# Conformation of 4 year old draft x



## disastercupcake (Nov 24, 2012)

She has slightly less bone than id expect from a draft cross, and i do think she will grow. Whether she levels out or not i could not say. She has a lovely shoulder and good neck, slightly long back and weak hindquarters. All pretty typical of her type.

Overall, i like her and i think shed do a good job for what you want.
_Posted via Mobile Device_


----------



## KarlaD (Dec 29, 2013)

I pretty much agree with disastercupcake. She is a nice mare, a bit croup high right now. Has she just turned 4 this year? She should level out. She does have a lovely neck and shoulder. It would be nice to see a video of her moving!

From what I can see I think you would be happy with her. Dressage work also improves any horse. She looks well worth putting the time into.


----------



## amigoboy (Feb 14, 2014)

Pony360 said:


> Hi Everyone,
> 
> I am looking for some conformation critique on a 4 year old spotted draft x tbI am interested in. I am looking to do dressage with her. Do you think she will be suitable? Do you think she will grow more? I am concerned that she looks downhill. Thanks you everyone.


Evedently she´s a slow grower, hopefully the front will catch up with the back, can be the reason her hind quarters are so far back.

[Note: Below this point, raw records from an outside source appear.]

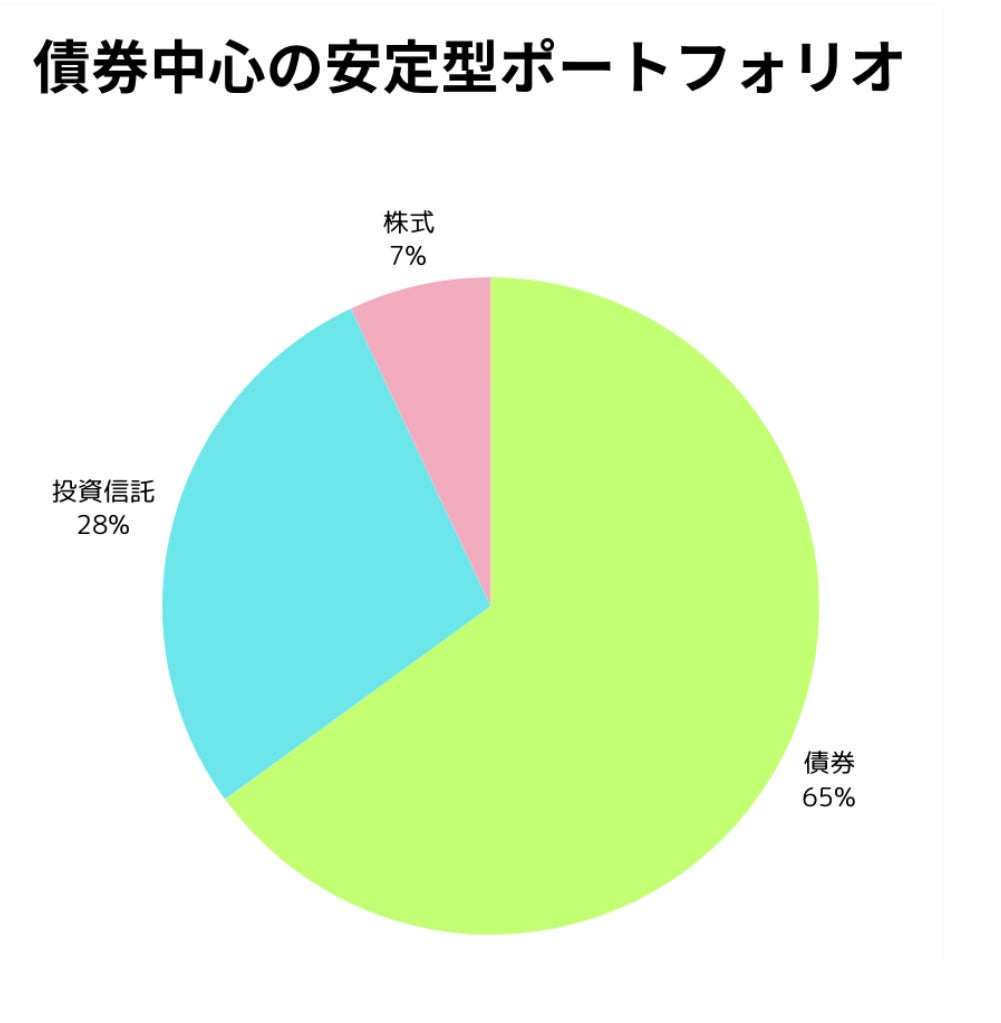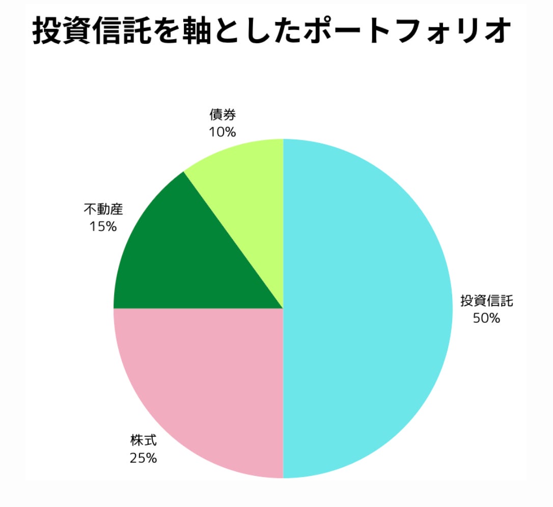 50代のポートフォリオの中心となっているのは「投資信託」と「株式」で、それぞれ63.7%と60.2%の回答者が何らかの形で組み込んでいる。例えば、ある回答者は、以下のように投資信託をベースにバランスの良いポートフォリオを構成している。
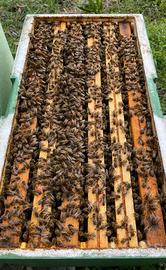- 5 telaini in totale(di cui 2 telai di covata opercolata, 2 telai di covata fresca, 1 telaio di scorte)
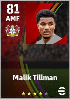 . Malik Tillman is a Attacking Midfielder footballer from United States who plays for Bayer 04 Leverkusen in eFootball 2026.
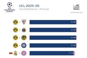 最高81365人!欧冠上座榜:多特4场满座并列榜首,皇马vs拜仁第五
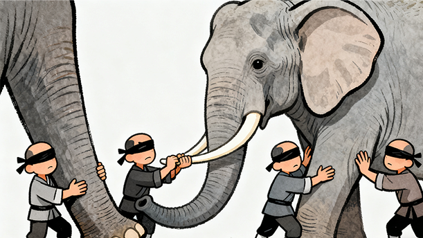 过了好一会儿,他们都摸得差不多了。国王问道:“现在你们明白大象是什么样子的了吗?”瞎子们齐声回答:“明白了!”国王说:“那你们都说说看。”

She´s pointing with the left fore, seems to be favoring the right, have that checked out.


----------



## CandyCanes (Jul 1, 2013)

I hate to say it, but that hind end will not help her at all in dressage. She will find it extremely hard to collect. If you want a dressage prospect, I would pass this horse by.


----------



## Pony360 (Feb 23, 2014)

*Video*

Thanks everyone for your feedback. I have a video but its not great. She is such a doll, this was her first time in a arena ever and first time ridden in 4 months. The goose bump rump did concern me and I was thinking maybe with the right work I could help her strengthen enough to get to 2nd level?

P2130054 - YouTube


----------



## Renip (Oct 25, 2013)

I just have to say on love her colour!! Very pretty mare.
_Posted via Mobile Device_


----------



## Tryst (Feb 8, 2012)

I think she should make second level, I would not expect exceptional scores. While her hind end may fill out, the structure will not change. I think she will remain downhill.


----------



## Dehda01 (Jul 25, 2013)

She is cute but you will most likely be fighting her short neck, upright shoulder, weak croup and goose-rump. She takes more after the draft side, than the tb side, and she will have difficulty collecting her and engaging her back end. That said, a good mind is lovely to work with, and she may grow out of some of those traits slightly.... She looks like she will be a good sport.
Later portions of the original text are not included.